A small-signal analysis of the electron cyclotron backward-wave oscillator

In an earlier report on the construction and performance of the electron cyclotron backward-wave oscillator, it was shown, through physical arguments, that in an unloaded waveguide supporting the dominant mode, an electron having transverse rotation at its cyclotron frequency will interact with RF fields of approximately equal frequency. This transverse motion will deliver energy to the RF E fields and interact with the RF H fields, thus producing longitudinal bunching. A small-signal analysis is presented in this paper. With the use of the normal mode expansion analysis, the circuit equation is obtained by considering the normal mode in approximate synchronism with the beam.

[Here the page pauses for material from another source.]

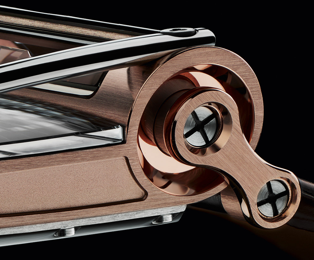 Если вы не особо разбираетесь в часах, а HM8 Can-Am первая модель MB&F, которую вам довелось видеть, то прямо сейчас она взорвет ваш мозг. Эти часы раздвинули грани, задали новое направление дизайна MB&F, поэтому являются важной вехой эволюции. Компания MB&F выпускает много сумасшедших часовых механизмов. Часто кажется, что они прибыли прямиком из научно-фантастического фильма и их даже сложно назвать часами в привычном понимании. За более чем 10 лет своего существования, MB&F неоднократно бросала вызов законам часовой индустрии и продолжает это делать сегодня. Новые уникальные часы MB&F HM8 Can-Am являются восьмым членом семейства Horological. Они представляют собой следующую ветвь дизайна после модели HMX, выпущенной в 2015 году в честь десятой годовщины бренда, что объясняет литеру X в названии. Очевидно, модели HM7 в семействе Horogical нет. Что касается второй части имени, Can-Am, то она отсылает к теме дизайна. Can-Am – это сокращение от Challenge Cup – канадо-американская автомобильная гоночная серия, существовавшая в 1966 – 1987 годах. Дизайн часов вдохновлен каркасом безопасности, являющимся обязательным элементом пассивной безопасности для гоночных авто. Каркас у MB&F HM8 Can-Am не просто металлический, а титановый. Корпус часов многосоставной и невероятно сложный. В общей сложности он состоит из 60 компонентов из золота, титана и сапфирового стекла. Прямым же предшественником дизайна HM8 Can-Am является водительская модель HM5, представленная в 2012 году. Уникальной особенностью HM5 в свое время стал повернутый циферблат, что позволяет считывать время, не отрывая руку от руля во время вождения автомобилем. Подобно HM5, в конструкцию часового механизма HM8 входит два циферблата. Повернутый циферблат отведен для часов и минут, отображающих время под выпуклой линзой для увеличения показаний. Основной циферблат часов выполнен в стиле скелетонов под сапфировым стеклом. Часовой механизм модели MB&F HM8 Can-Am состоит из 247 компонентов. Запас хода новинки равен 42 часам. Задняя крышка часов стилизирована под моторный отсек гоночного автомобиля. К продаже подготовлено две версии модели: из розового золота и титана, а также из белого золота и титана. Уникальные часы MB&F HM8 Can-Am удовольствие не из дешевых – 82 000 долл. за штуку. Видеоролик о MB&F HM8 Can-Am см. здесь. Вложение 1539681Вложение 1539682Вложение 1539683Вложение 1539684Вложение 1539685Вложение 1539686Вложение 1539687Вложение 1539688Вложение 1539689Вложение 1539690Вложение 1539691Вложение 1539692Вложение 1539693Вложение 1539694Вложение 1539695Вложение 1539696 Источник: http://bigbucks.com.ua/watch/hm8-can...ufaktury-mb-f/ |

The RF current is computed by considering electron motion under the dc and circuit fields, but neglecting RF space-charge fields. Combining these equations leads to a sixth-order equation of propagation constants. Two waves are far from synchronism and are therefore neglected; the remaining four are two waves which originate from the "fast cyclotron waves" and two waves which originate from the forward and reflected circuit waves. The "fast cyclotron wave" so obtained has a different meaning from the usual definition and is discussed in detail. Theoretical start-oscillation current is found to depend critically on the reflection coefficient at the electron gun end. Proper adjustment of this parameter leads to excellent agreement between the theoretical and experimental start-oscillation currents.